Under Section 337(a), the ITC’s jurisdiction, and ability to issue exclusion orders, exists “only if an industry in the United States, relating to the articles protected by the patent, copyright, trademark, mask work, or design concerned, exists or is in the process of being established.” 13 U.S.C. § 1337(a)(2). Further,
an industry in the United States shall be considered to exist if there is in the United States, with respect to the articles protected by the patent, copyright, trademark, mask work, or design concerned—
(A) significant investment in plant and equipment;
(B) significant employment of labor or capital; or
(C) substantial investment in its exploitation, including engineering, research and development, or licensing.
The court disagreed with Nokia’s argument “that the International Trade Commission and this court have not properly construed the phrases ‘relating to the articles protected by the patent’ and ‘with respect to the articles protected by the patent’ that appear in those two subsections.” The court reasoned that “just as the ‘plant or equipment’ referred to in subparagraph (A) must exist with respect to articles protected by the patent, such as by producing protected goods, the research and development or licensing activities referred to in subparagraph (C) must also exist with respect to articles protected by the patent, such as by licensing protected products.”
Ample evidence showed that the complainant at the ITC, Interdigital, had made a substantial investment in its licensing activities. The administrative law judge at the ITC had found that Interdigital had had substantial investment in developing Code Division Multiple Access (CDMA) technology since 1993. It had paid significant salaries and benefits to employees (on the order of $7 million), and had received even more significant revenues (on the order of $1 billion).
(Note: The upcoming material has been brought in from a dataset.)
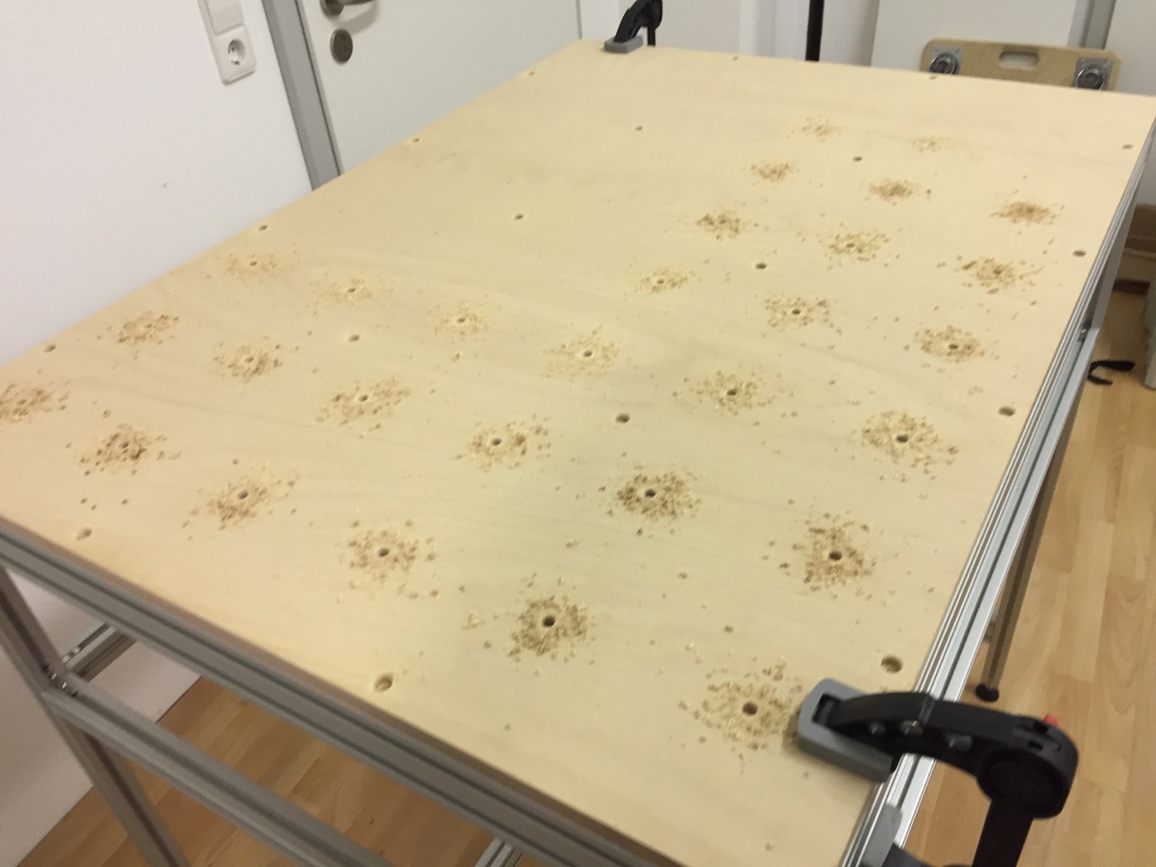 Die Tischplatten bestehen aus 15mm Buche-Multiplex.

Thus, “[t]he only question is whether the Interdigital’s concededly substantial investment in exploitation of its intellectual property is ‘with respect to the articles protected by the patent.'” The court answered that question in the affirmative “because the patents in suit protect the technology that is, according to InterDigital’s theory of the case, found in the products that it has licensed and that it is attempting to exclude.”
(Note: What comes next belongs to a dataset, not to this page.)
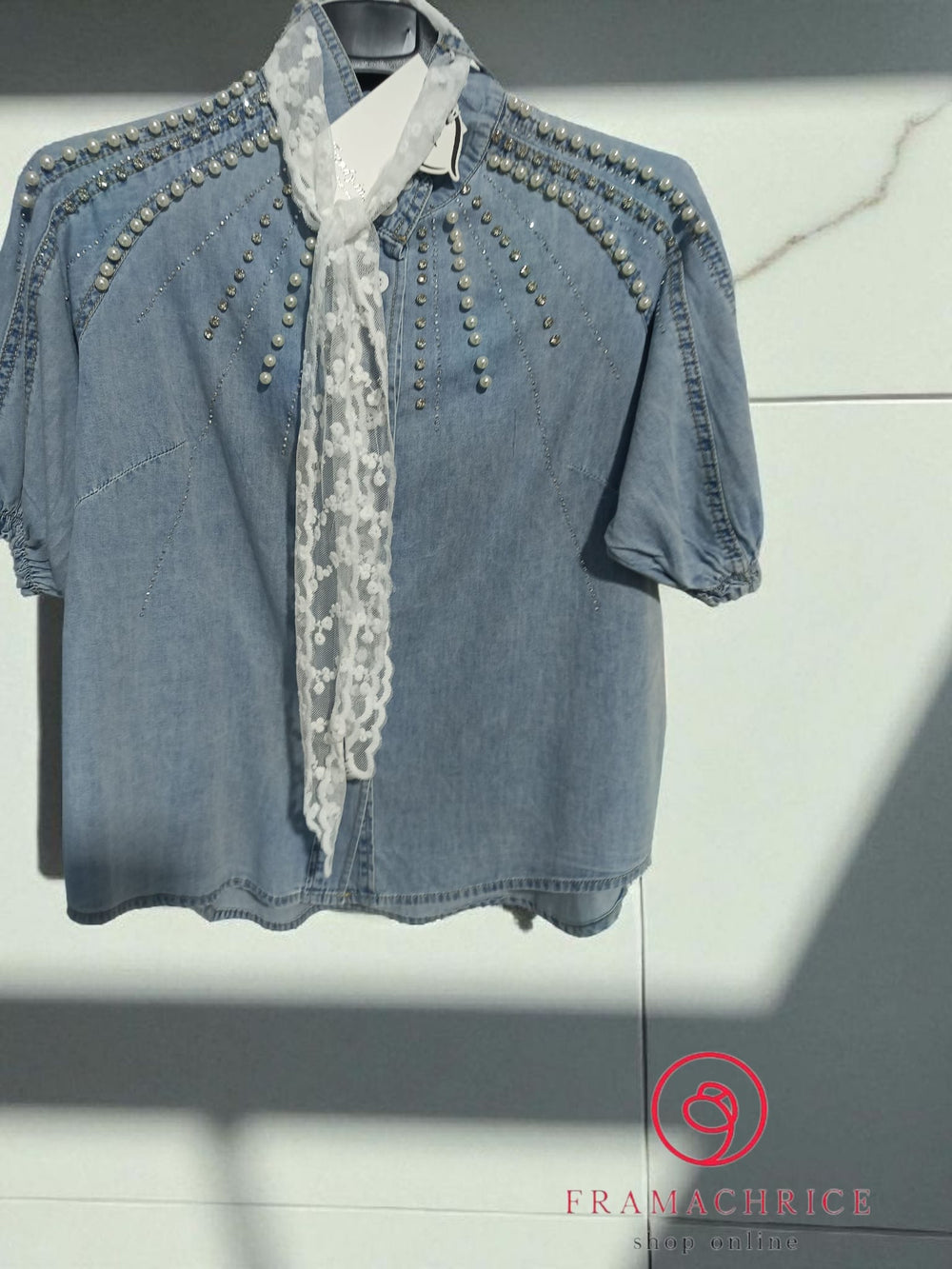 Camicia in cotone,mezza manica , finto jeans,con strass ,perline,e piccolo foulard rimovibile.

The court provided a detailed review of the legislative history of 1988 amendments to Section 337. This review showed that “the bill provided that the industry requirement could be met even in the absence of domestic production if there was substantial domestic investment in engineering, research and development, or licensing.” Actual production of a patented product in the United States was not required. Accordingly, the court concluded:
Under the clear intent of Congress and the most natural reading of the 1988 amendment, section 337 makes relief available to a party that has a substantial investment in exploitation of a patent through either engineering, research and development, or licensing. It is not necessary that the party manufacture the product that is protected by the patent, and it is not necessary that any other domestic party manufacture the protected article. As long as the patent covers the article that is the subject of the exclusion proceeding, and as long as the party seeking relief can show that it has a sufficiently substantial investment in the exploitation of the intellectual property to satisfy the domestic industry requirement of the statute, that party is entitled to seek relief under section 337.
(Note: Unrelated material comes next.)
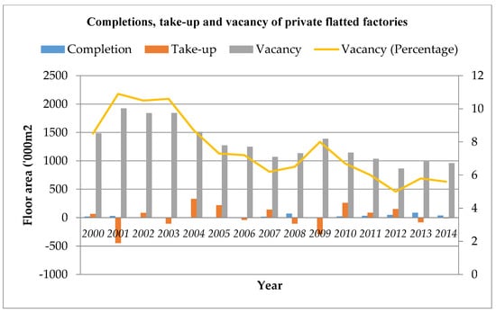 Completions, take-up, and vacancy of private flatted factories (2000–2014) (Source: Hong Kong Property Review, 2005–2015).
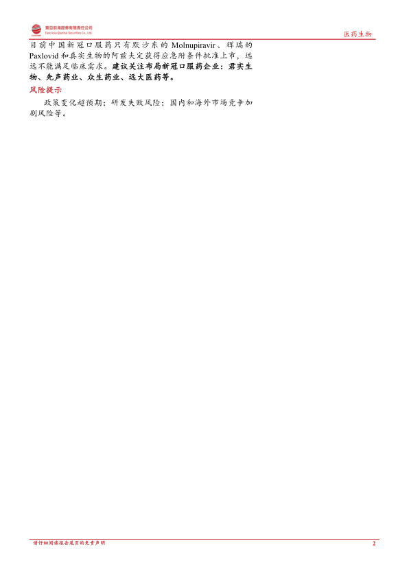 随着中国优化防疫政策,新冠口服药物的需求急剧增加,而目前市场上的药物供应远不能满足需求。 VV116的成功为国内新冠口服药物市场注入了新的活力,也为投资者提供了新的投资机会。 报告建议关注布局新冠口服药物的企业,并提示了政策变化、研发失败以及市场竞争加剧等风险。

Judge Newman’s dissent was much lengthier than Judge Bryson’s opinion for the majority. Judge Newman saw error in the majority’s “holding that the domestic industry requirement is met by licensing the importation of foreign-made products.”
Providing her own detailed review of the legislative history to the 1988 amendment to Section 337, Judge Newman contended that, during hearings, “no witness disputed that Section 337 is intended to support domestic manufacture, not imports of foreign manufacture.” Further, according to Judge Newman, legislators’statements show that their focus was on proving economic injury, not importation. Judge Newman also argued that governing precedent was inconsistent with respect to how the ITC had defined “domestic industry” in the past.
Judge Newman concluded that:
The statute says, twice, that there must be “articles protected by the patent,” §1337(a)(2), (a)(3), whether produced by the patentee, or under license from the patentee. The domestic industry requirement is not met by foreign manufactures. That is the issue requiring judicial attention. From the panel’s denial of the petition for rehearing, I respectfully dissent.